REQUIREMENT: After locating the line that holds "- Again place", repeat it and each following line exactly until the material ends, skipping pictures.

AVAILABLE DATA: Begin

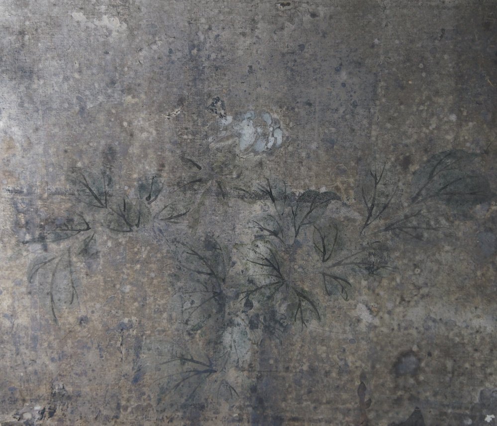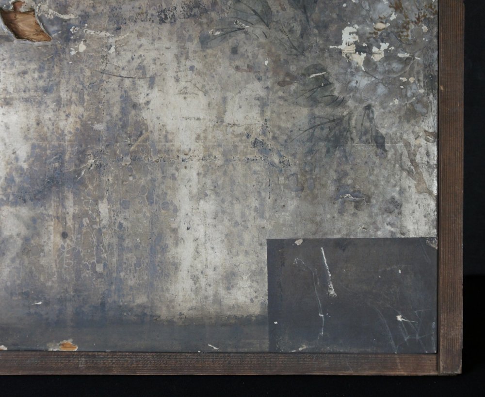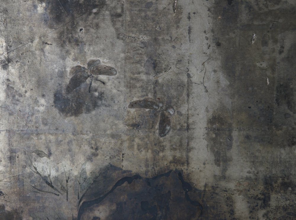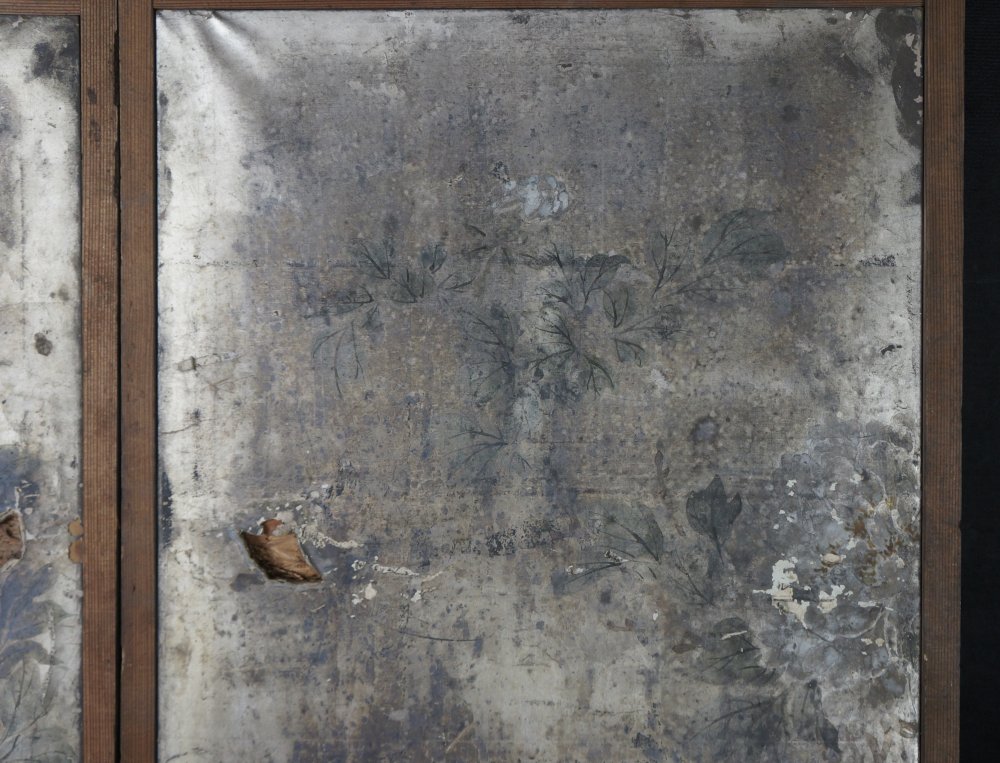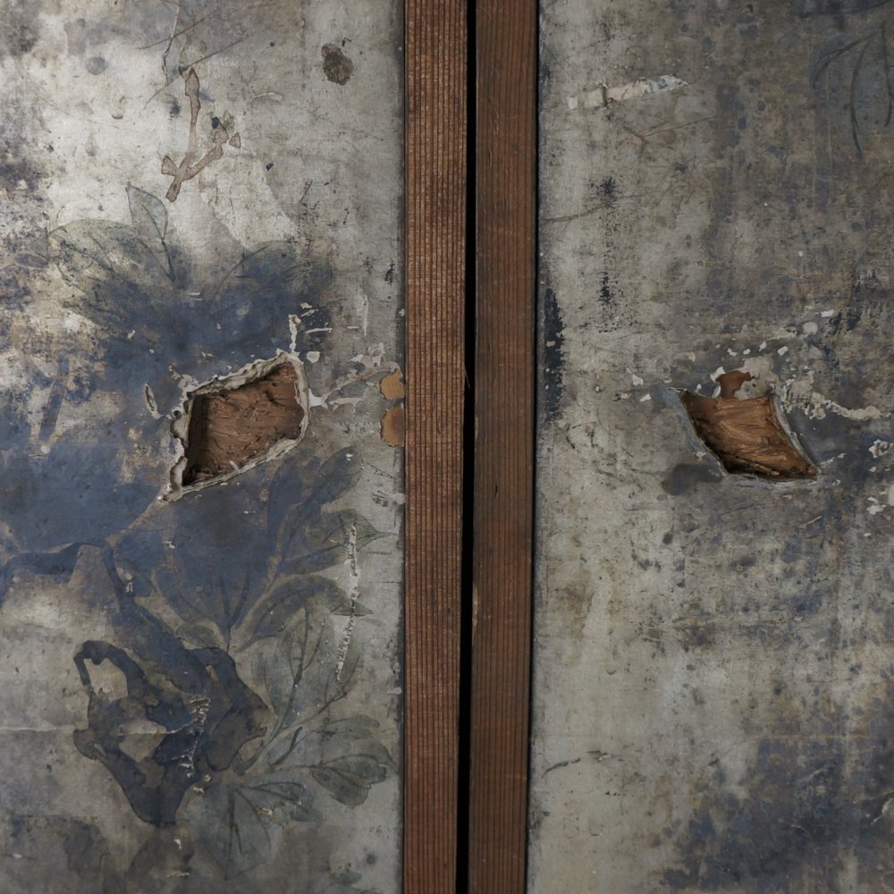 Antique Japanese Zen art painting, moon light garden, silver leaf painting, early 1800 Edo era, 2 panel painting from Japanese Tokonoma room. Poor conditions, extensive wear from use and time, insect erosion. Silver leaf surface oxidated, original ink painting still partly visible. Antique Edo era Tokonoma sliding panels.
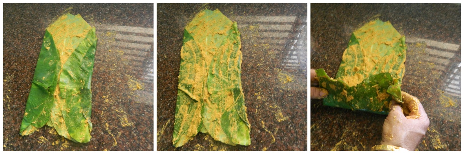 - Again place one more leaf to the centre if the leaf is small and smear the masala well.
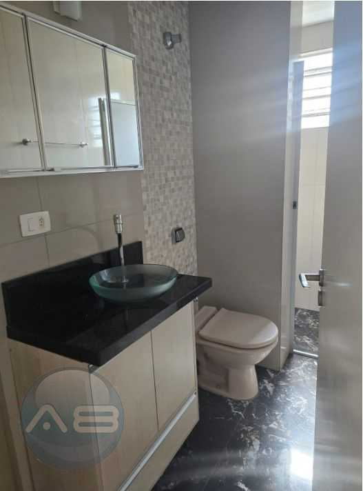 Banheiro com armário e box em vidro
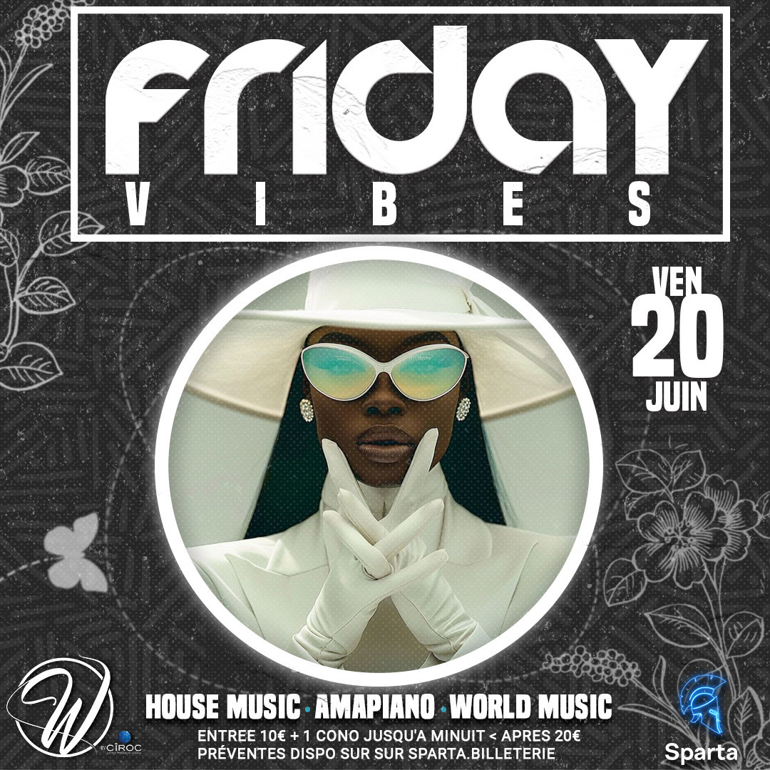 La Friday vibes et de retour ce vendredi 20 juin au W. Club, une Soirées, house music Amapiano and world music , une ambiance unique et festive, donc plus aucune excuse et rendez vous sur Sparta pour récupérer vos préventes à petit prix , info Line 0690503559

AVAILABLE DATA: End

ANSWER SECTION:
 - Again place one more leaf to the centre if the leaf is small and smear the masala well.
 Banheiro com armário e box em vidro
 La Friday vibes et de retour ce vendredi 20 juin au W. Club, une Soirées, house music Amapiano and world music , une ambiance unique et festive, donc plus aucune excuse et rendez vous sur Sparta pour récupérer vos préventes à petit prix , info Line 0690503559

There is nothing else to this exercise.